• _Task_: Your task is to restate every entry below word for word and omit the images.

• _Supplied information_:
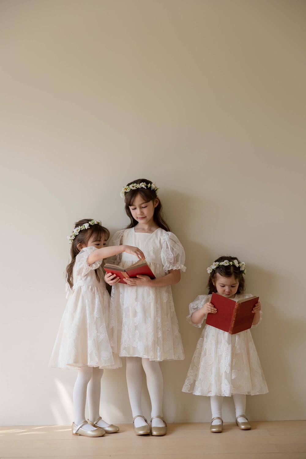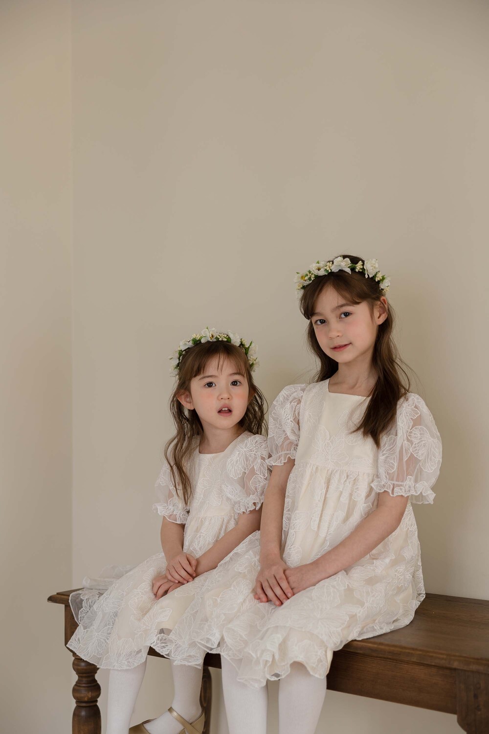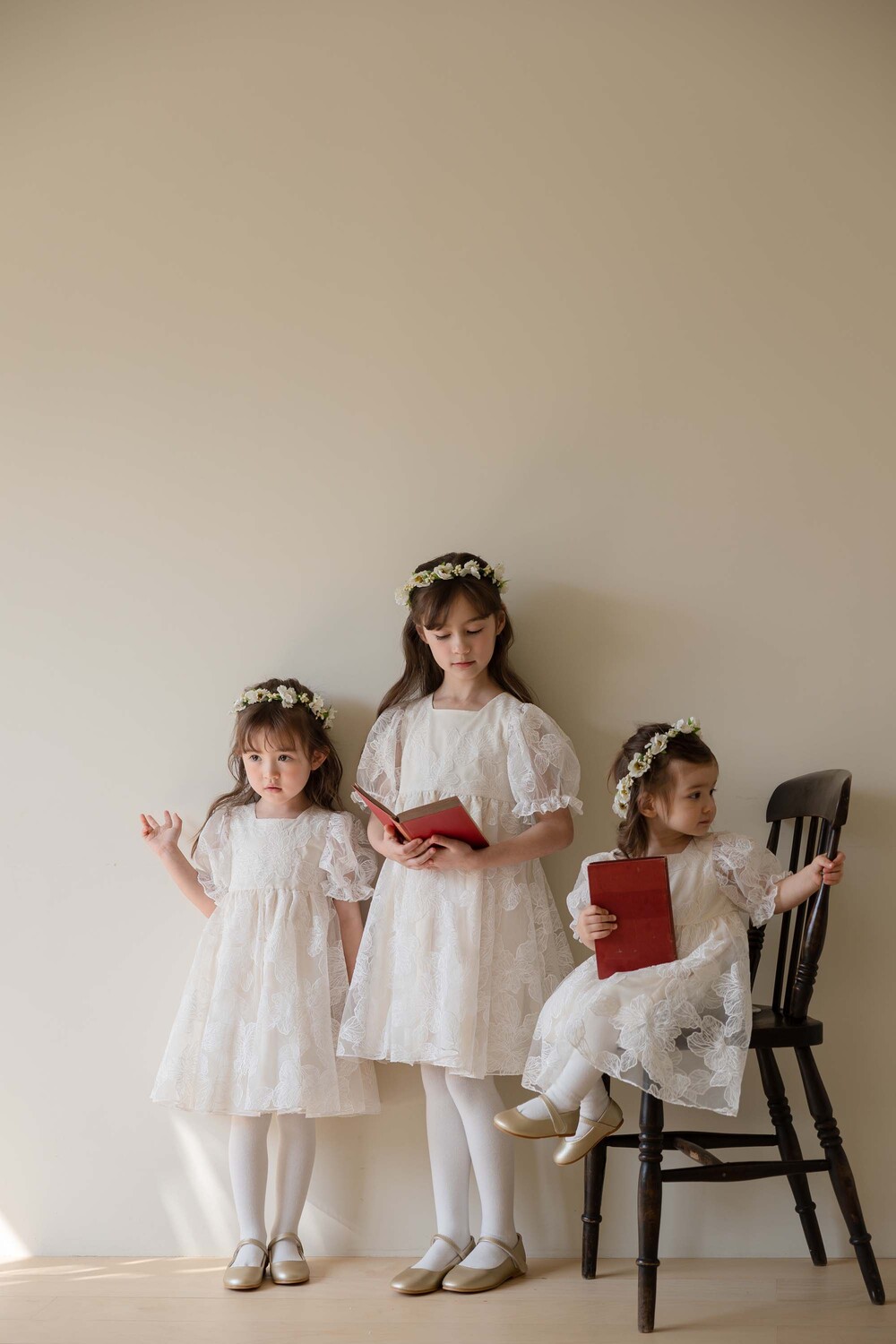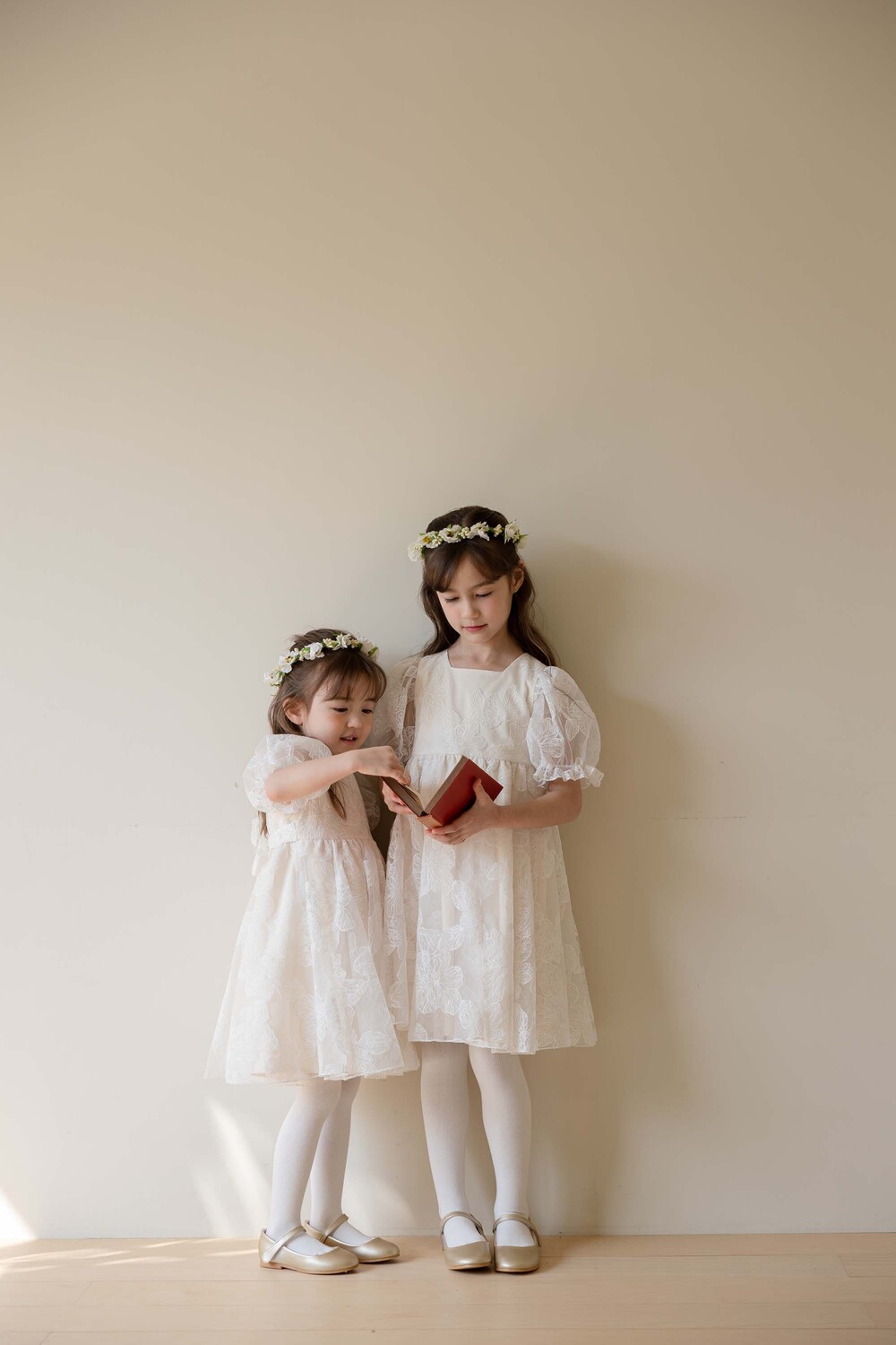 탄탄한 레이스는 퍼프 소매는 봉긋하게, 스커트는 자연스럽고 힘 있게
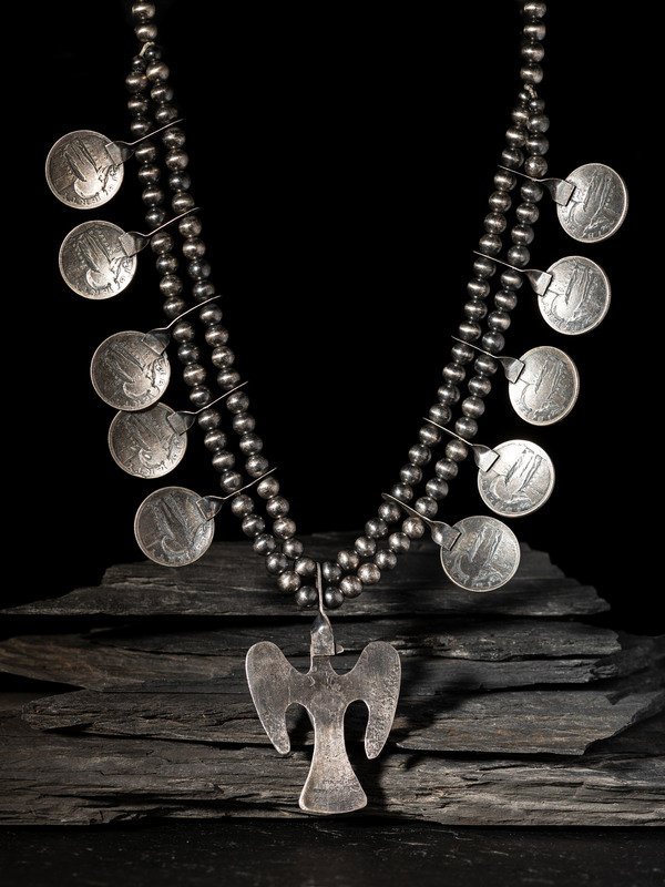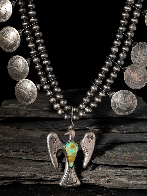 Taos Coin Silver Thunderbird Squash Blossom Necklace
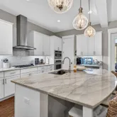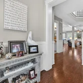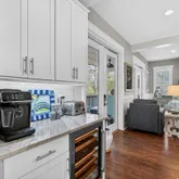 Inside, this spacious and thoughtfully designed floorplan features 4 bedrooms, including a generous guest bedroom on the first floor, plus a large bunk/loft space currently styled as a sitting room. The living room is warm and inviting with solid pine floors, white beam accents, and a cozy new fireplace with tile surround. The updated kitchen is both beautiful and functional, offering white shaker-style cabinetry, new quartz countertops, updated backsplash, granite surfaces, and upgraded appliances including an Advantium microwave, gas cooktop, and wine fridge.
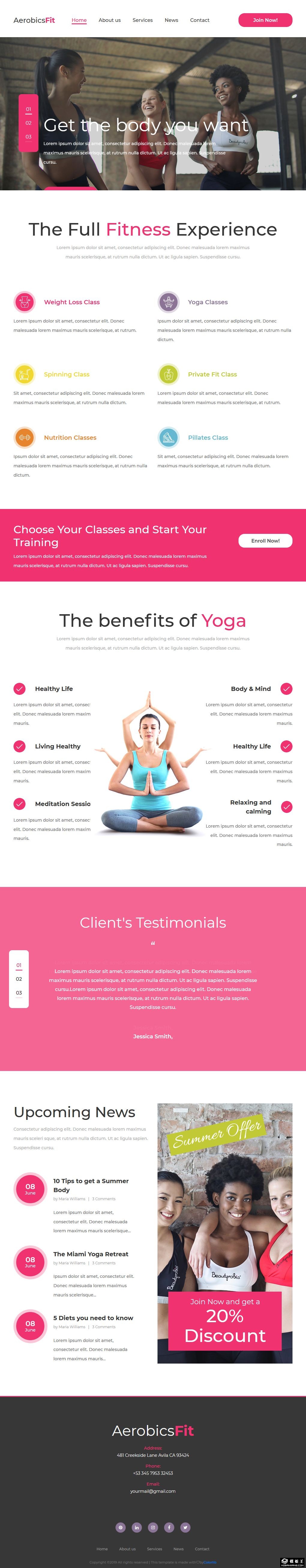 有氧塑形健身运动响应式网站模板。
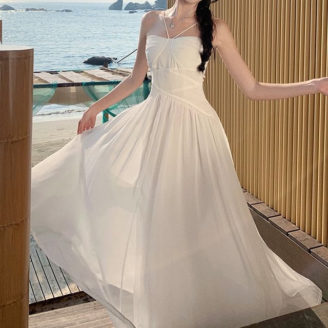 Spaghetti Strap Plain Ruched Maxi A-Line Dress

• _Finished task_:
 탄탄한 레이스는 퍼프 소매는 봉긋하게, 스커트는 자연스럽고 힘 있게
 Taos Coin Silver Thunderbird Squash Blossom Necklace
 Inside, this spacious and thoughtfully designed floorplan features 4 bedrooms, including a generous guest bedroom on the first floor, plus a large bunk/loft space currently styled as a sitting room. The living room is warm and inviting with solid pine floors, white beam accents, and a cozy new fireplace with tile surround. The updated kitchen is both beautiful and functional, offering white shaker-style cabinetry, new quartz countertops, updated backsplash, granite surfaces, and upgraded appliances including an Advantium microwave, gas cooktop, and wine fridge.
 有氧塑形健身运动响应式网站模板。
 Spaghetti Strap Plain Ruched Maxi A-Line Dress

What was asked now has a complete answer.